■ TASK BRIEF ■
Only what runs from the line with "High-quality, weather-resistant window" to the end of the data should appear in the answer, exactly as written and without pictures.

(Stored data entries)
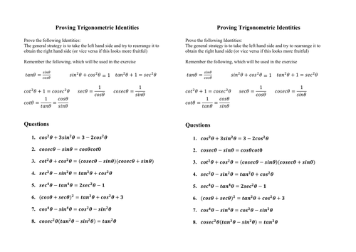 Dec 15, 2021 · Mcr3u trigonometric identities worksheet prove the following trigonometric identities by showing that the left side is equal to the right side. It is better to start with simplifying the more complicated side so that. Sinx sinxcos2 x sin3 x 4. Tan2 x sin x tan2 x sin2 x trig identities worksheet 3 4. 6 trigonometric identities worksheet author. Download Free Trig Identities Worksheet With Answers Wiskunde Vir Almal Precalculus is adaptable and designed to fit the needs of a variety of precalculus courses. It is a comprehensive text that covers more ground than a typical one- or two-semester college-level precalculus course. The content is organized by clearly-defined learning Trig Prove each identity; 1 . 1 . secx - tanx SInX - - secx 3. sec8sin8 tan8+ cot8 sin' 8 5 .cos ' Y -sin ., y = 12" - Sin Y 7. sec2 e sec2 e-1 csc2 e Identities worksheet 3.4 name: 2. 1 + cos x = esc x + cot x sinx
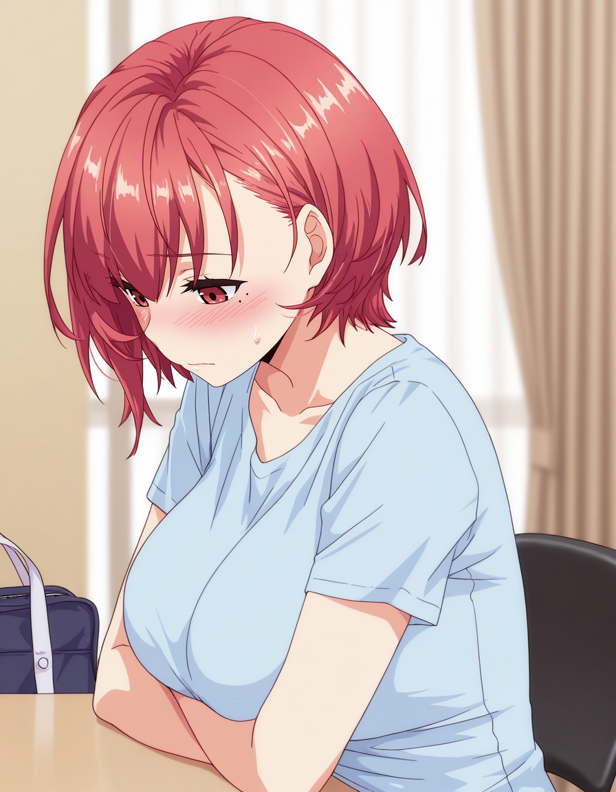 mai_mta,mai_kurumimt,short_hair,red_hair,red_eyes,mole_under_eye,large_breasts,yellow_shirt,belt,pencil_skirt,blue_skirt,black_footwear,pink_bow,footwear_bow,shoulder_bag
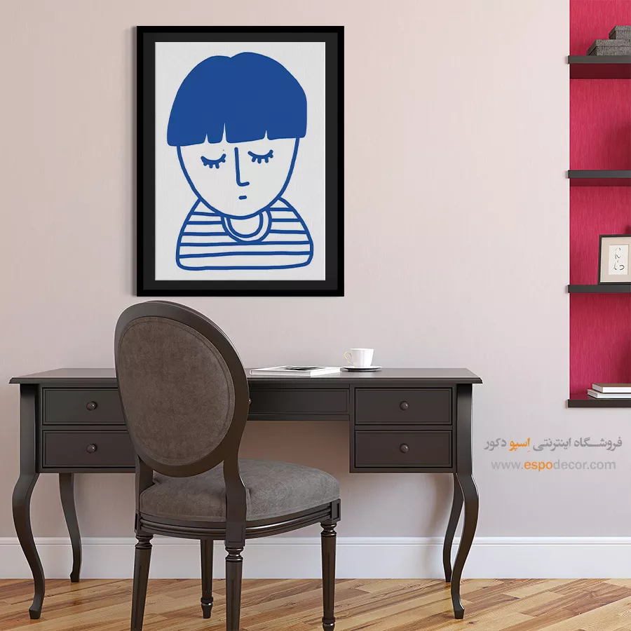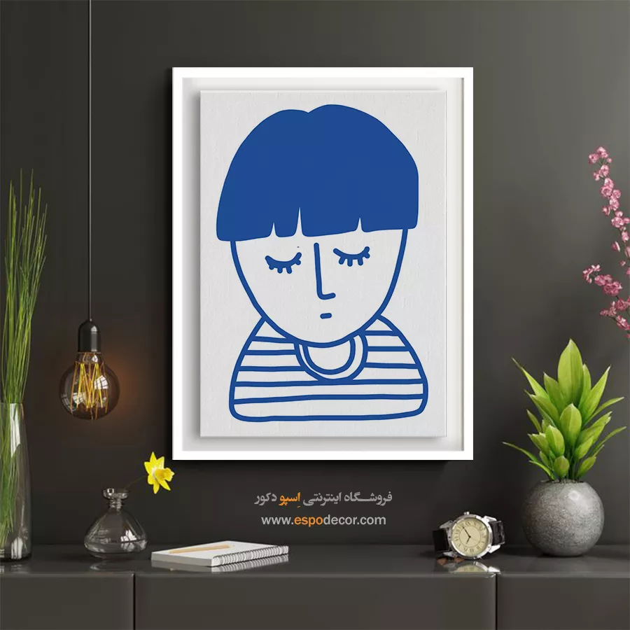 • انتخاب سایه‌های مختلف از رنگ دیوار: مانند تابلو آبی تیره روی دیوار آبی روشن، که حس آرامش و یکپارچگی در فضا ایجاد می‌کند.
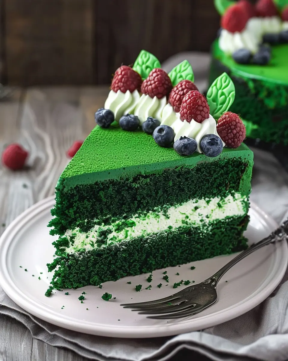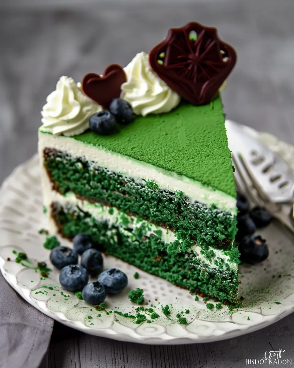 Indulge in the rich and vibrant flavor of Green Velvet Cheesecake Cake, perfect for any celebration.
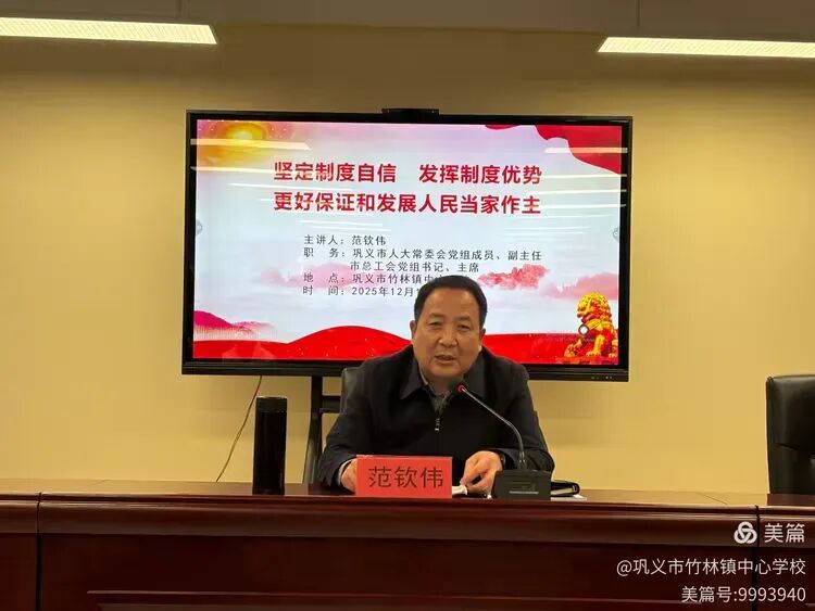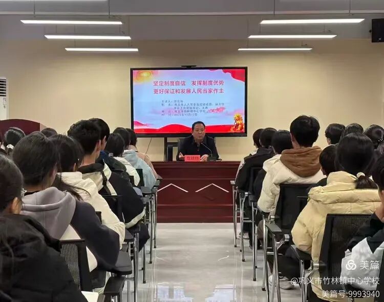12月17日,鞏義市人大常委會黨組成員、副主任、市總工會黨組書記、主席范欽偉到竹林鎮(zhèn)中心學(xué)校為師生上思政課,竹林鎮(zhèn)人大主席李米莎,鎮(zhèn)中心校成員、思政教師等與學(xué)生共同聆聽了這堂精彩的思政課。
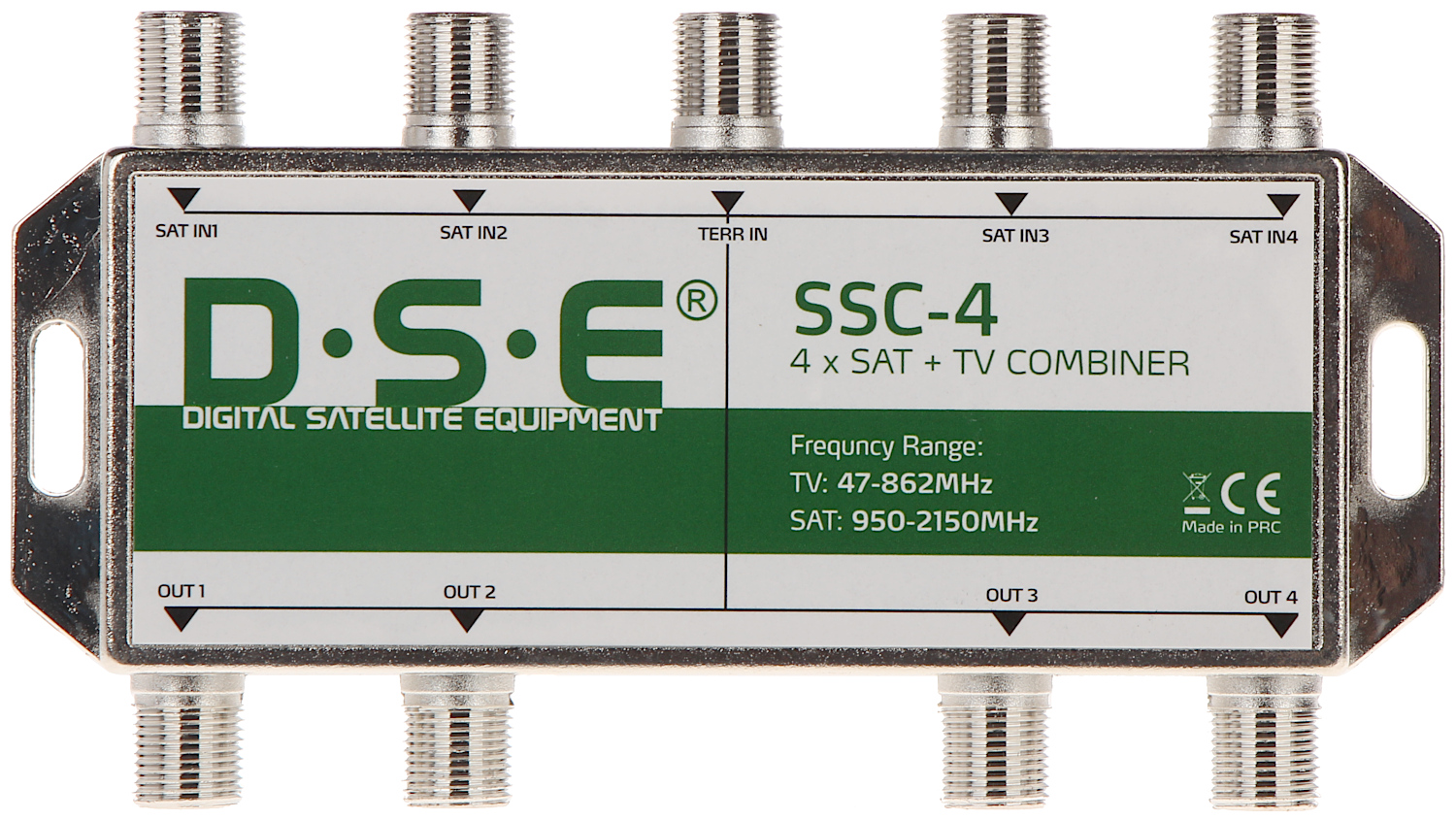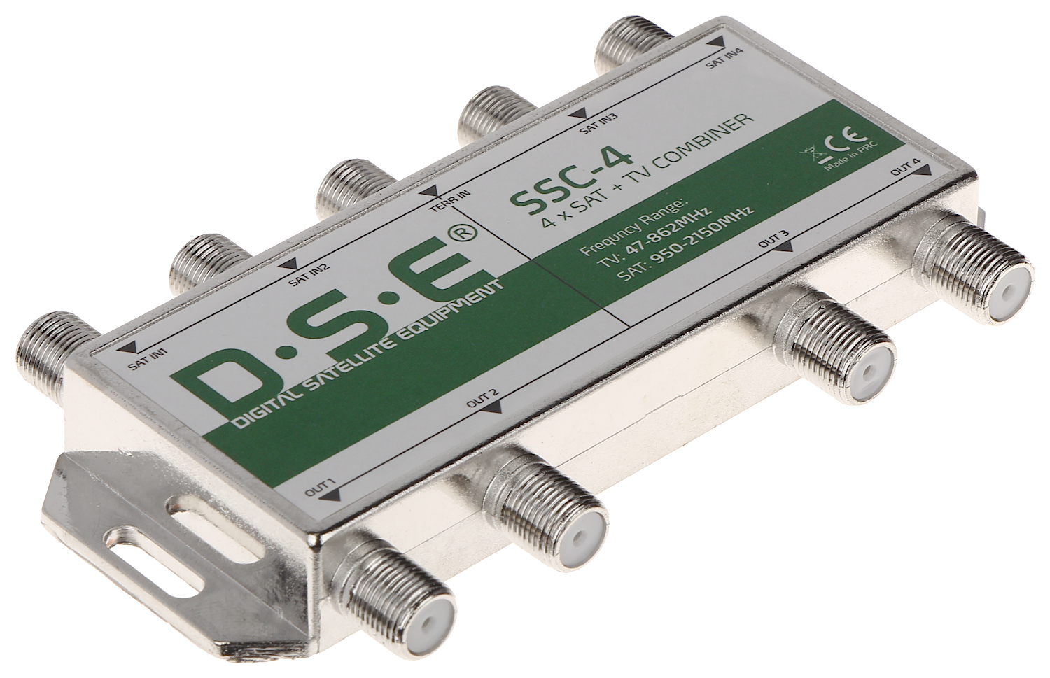 TV and SAT signals multiplexer; It has DC pass for SAT line; Combiner allows to sum up the Quad LNB signal with terrestrial TV signal and send it to four RTV SAT sockets;
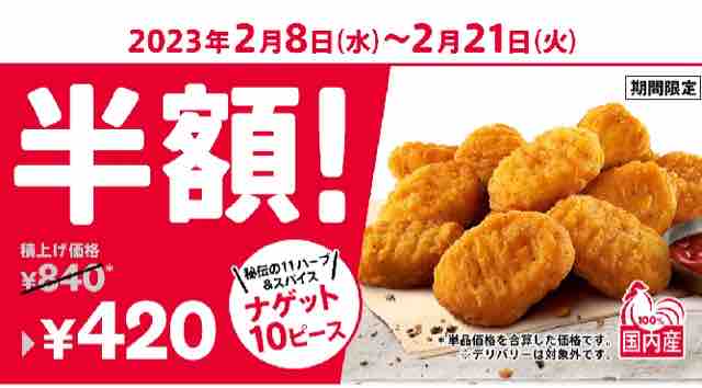 このキャンペーンは、店内でも持ち帰りでも、ナゲット10ピースが半額になるのが嬉しい。ただ、デリバリーは対象外となる。サイドメニューという位置づけなので、他のメニューと組み合わせて買うことをおススメしたい。
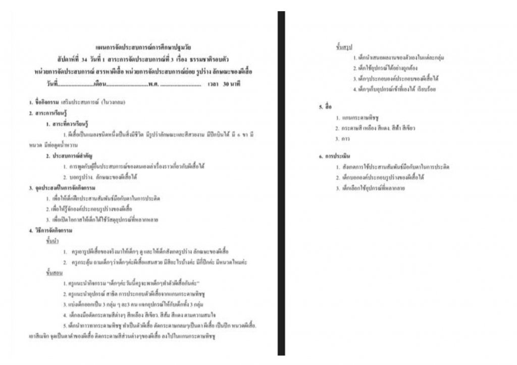 แผนการจัดประสบการณ์ครั้งที่ 1
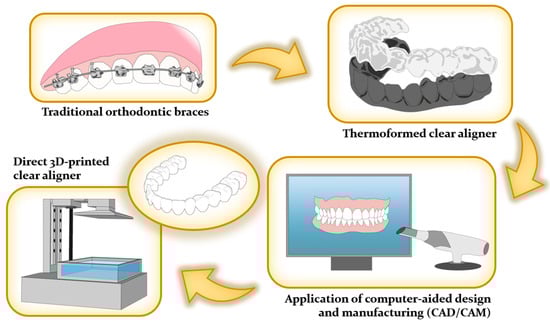 The historical evolution of aligner technology can be traced back to Dr. Harold D. Kesling’s groundbreaking work in 1945, where he pioneered the use of plastic-based tooth aligners for addressing minor malocclusions. Kesling not only laid the foundation for this approach but also provided insights into its limitations and future potential [,,]. Building upon Kesling’s work, Henry Nahoum made significant contributions in 1964 by introducing vacuum-formed thermoplastics and auxiliary components, enhancing the precision and effectiveness of corrective forces [,,,]. In 1971, Robert Ponitz emphasized the use of transparent materials and incremental staged movements, further advancing orthodontic alignment techniques []. A pivotal moment in modernizing aligner technology occurred in 1997 when Zia Chishti and Kelsey Wirth introduced the CAD/CAM-based Invisalign™ system, which has since undergone multiple iterations to optimize its efficacy [,,,]. Presently, the integration of 3D printing technologies in aligner fabrication has sparked a revolution in customization and production efficiency, as demonstrated in Figure 3.
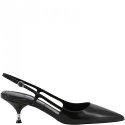 Prada Black Patent Leather Embellished Square Toe Pumps Size 37.5
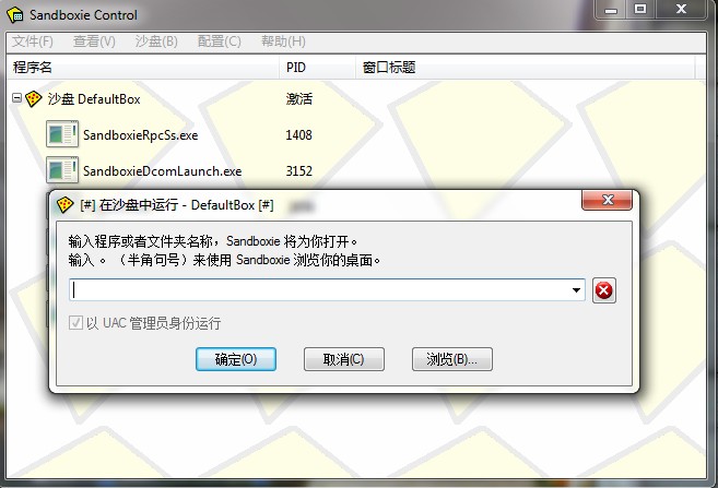 那么程序呢,程序在沙盘中运行也很简单。打开右下角的沙盘图标,从工具栏的沙盘——进入default sandboxie——运行任意程序,就会打开如图所示界面:
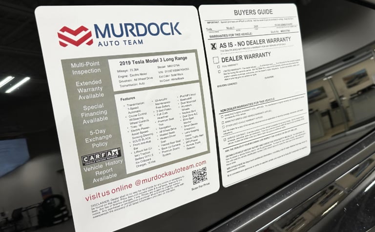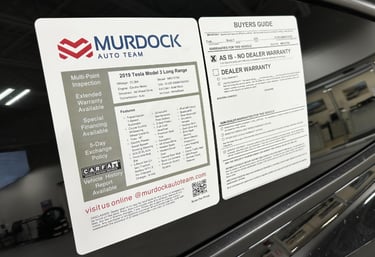High-quality, weather-resistant window stickers that combine bold branding with precise vehicle details—helping your inventory stand out and sell around the clock
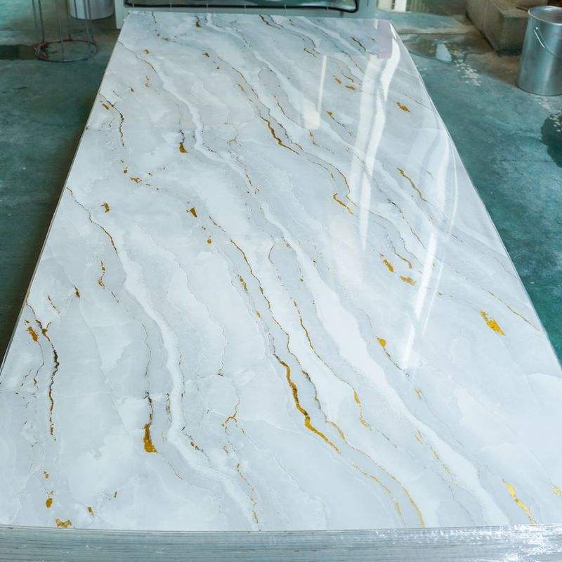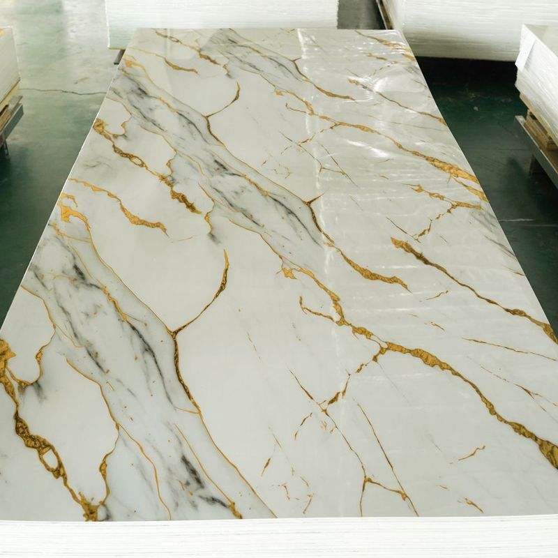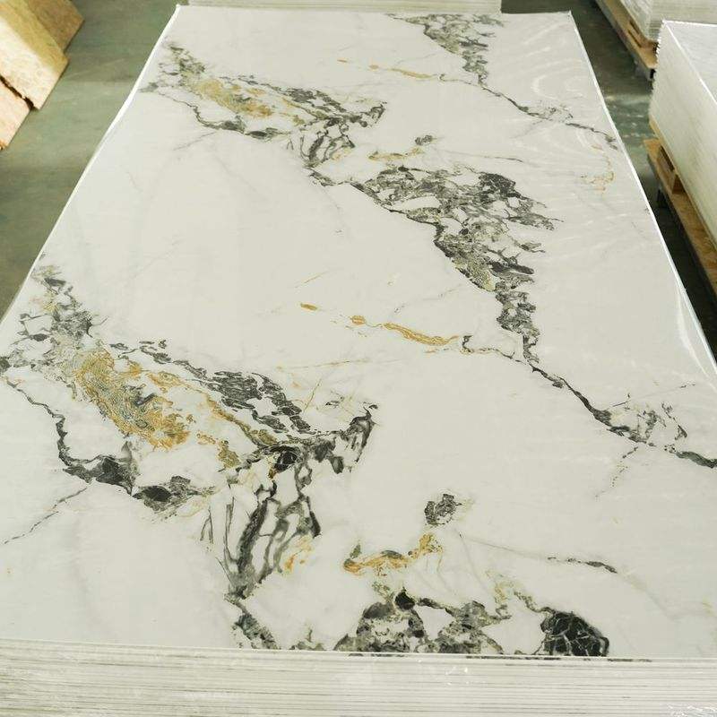 Panneau mural SPC personnalisé feuille de marbre UV brillant blanc comme neige type de marbre feuilles de PVC baguette étanche plaque de PVC

■ SOLUTION TO THIS PROBLEM ■
High-quality, weather-resistant window stickers that combine bold branding with precise vehicle details—helping your inventory stand out and sell around the clock
 Panneau mural SPC personnalisé feuille de marbre UV brillant blanc comme neige type de marbre feuilles de PVC baguette étanche plaque de PVC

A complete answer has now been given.